- [Listed entries]
■ ■ ■ ■ ■ ■ ■

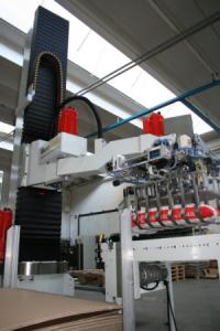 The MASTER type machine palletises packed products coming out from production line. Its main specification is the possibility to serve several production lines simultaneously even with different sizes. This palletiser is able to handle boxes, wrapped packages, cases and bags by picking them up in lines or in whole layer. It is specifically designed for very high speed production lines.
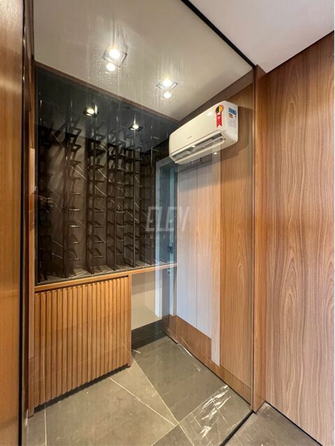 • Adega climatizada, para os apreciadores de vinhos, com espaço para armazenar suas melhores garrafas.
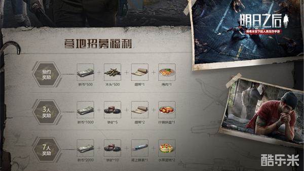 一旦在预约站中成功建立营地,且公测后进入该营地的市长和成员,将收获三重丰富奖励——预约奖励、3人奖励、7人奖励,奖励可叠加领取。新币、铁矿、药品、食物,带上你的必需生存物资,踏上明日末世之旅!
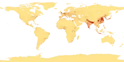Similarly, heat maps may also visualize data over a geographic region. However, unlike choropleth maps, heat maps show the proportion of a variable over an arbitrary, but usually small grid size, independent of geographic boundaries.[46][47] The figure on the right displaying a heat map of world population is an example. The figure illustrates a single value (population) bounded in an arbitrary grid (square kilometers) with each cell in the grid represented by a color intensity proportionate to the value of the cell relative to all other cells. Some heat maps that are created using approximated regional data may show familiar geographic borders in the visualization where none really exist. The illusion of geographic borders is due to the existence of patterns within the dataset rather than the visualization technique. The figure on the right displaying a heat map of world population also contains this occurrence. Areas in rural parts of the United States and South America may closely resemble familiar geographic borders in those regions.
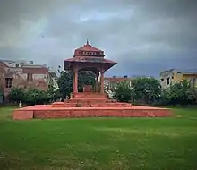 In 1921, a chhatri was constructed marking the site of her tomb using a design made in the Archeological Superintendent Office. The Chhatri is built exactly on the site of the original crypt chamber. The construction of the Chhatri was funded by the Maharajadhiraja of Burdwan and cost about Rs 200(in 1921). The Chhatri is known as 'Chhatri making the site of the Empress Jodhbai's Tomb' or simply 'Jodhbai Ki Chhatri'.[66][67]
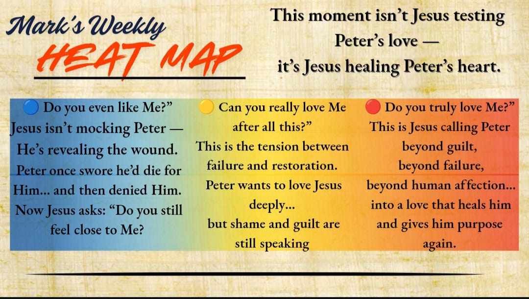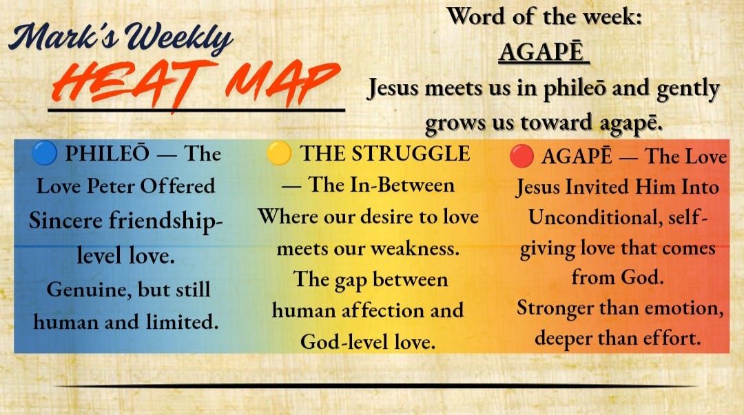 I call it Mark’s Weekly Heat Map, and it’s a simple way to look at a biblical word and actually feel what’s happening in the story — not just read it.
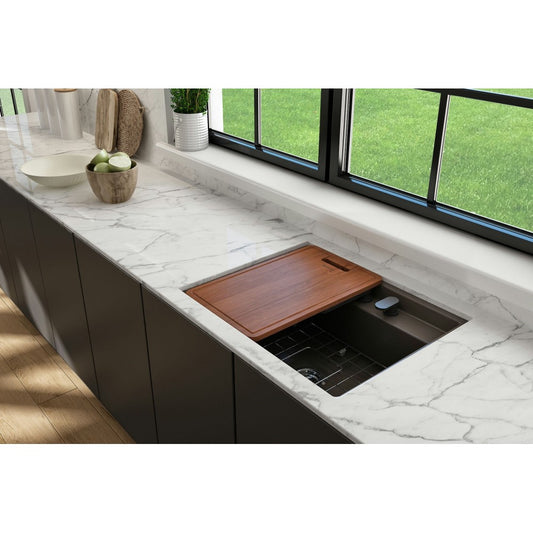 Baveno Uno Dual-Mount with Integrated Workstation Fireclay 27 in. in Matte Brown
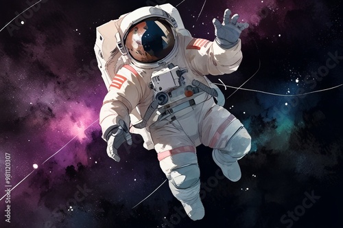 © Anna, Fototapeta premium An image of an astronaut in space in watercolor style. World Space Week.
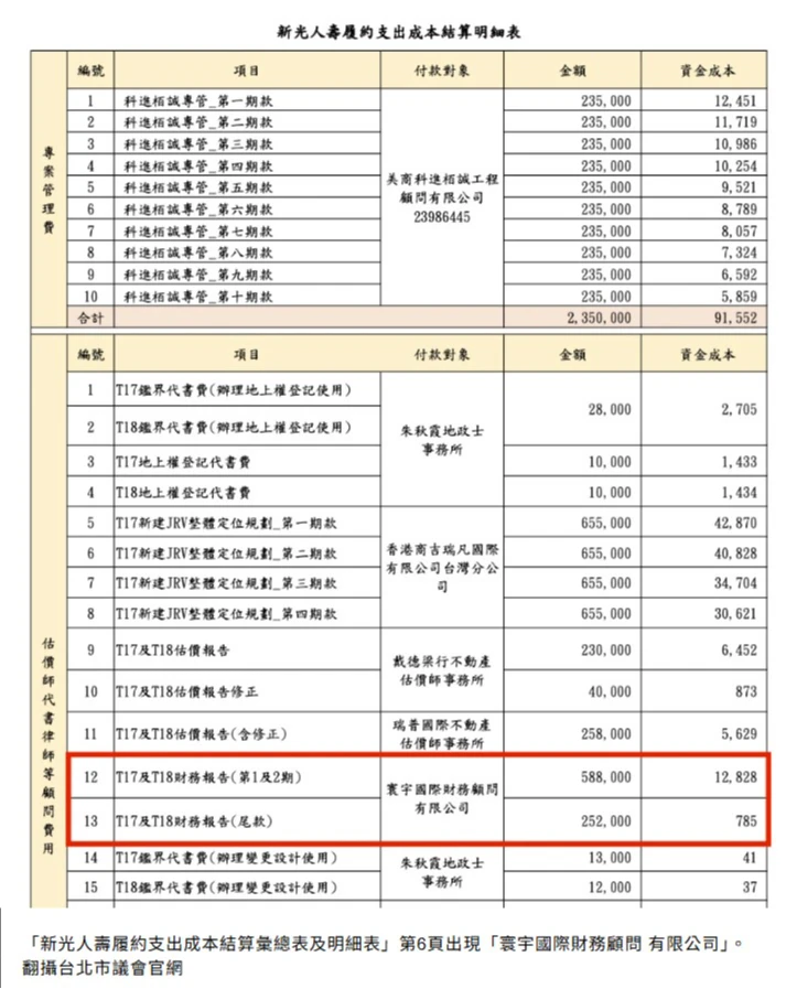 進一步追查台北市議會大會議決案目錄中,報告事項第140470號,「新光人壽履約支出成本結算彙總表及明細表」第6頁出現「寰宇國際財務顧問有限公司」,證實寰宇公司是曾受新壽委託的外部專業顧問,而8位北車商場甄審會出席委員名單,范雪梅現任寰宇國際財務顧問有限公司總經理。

■ ■ ■ ■ ■ ■ ■

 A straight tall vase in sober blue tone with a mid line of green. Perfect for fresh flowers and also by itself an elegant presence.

■ ■ ■ ■ ■ ■ ■

- [Task directions] Pictures excluded, give again exactly and only the lines of the material above from the line with "In 1921, a chhatri" through the line with "進一步追查台北市議會大會議決".

- [Task result]
 In 1921, a chhatri was constructed marking the site of her tomb using a design made in the Archeological Superintendent Office. The Chhatri is built exactly on the site of the original crypt chamber. The construction of the Chhatri was funded by the Maharajadhiraja of Burdwan and cost about Rs 200(in 1921). The Chhatri is known as 'Chhatri making the site of the Empress Jodhbai's Tomb' or simply 'Jodhbai Ki Chhatri'.[66][67]
 I call it Mark’s Weekly Heat Map, and it’s a simple way to look at a biblical word and actually feel what’s happening in the story — not just read it.
 Baveno Uno Dual-Mount with Integrated Workstation Fireclay 27 in. in Matte Brown
 © Anna, Fototapeta premium An image of an astronaut in space in watercolor style. World Space Week.
 進一步追查台北市議會大會議決案目錄中,報告事項第140470號,「新光人壽履約支出成本結算彙總表及明細表」第6頁出現「寰宇國際財務顧問有限公司」,證實寰宇公司是曾受新壽委託的外部專業顧問,而8位北車商場甄審會出席委員名單,范雪梅現任寰宇國際財務顧問有限公司總經理。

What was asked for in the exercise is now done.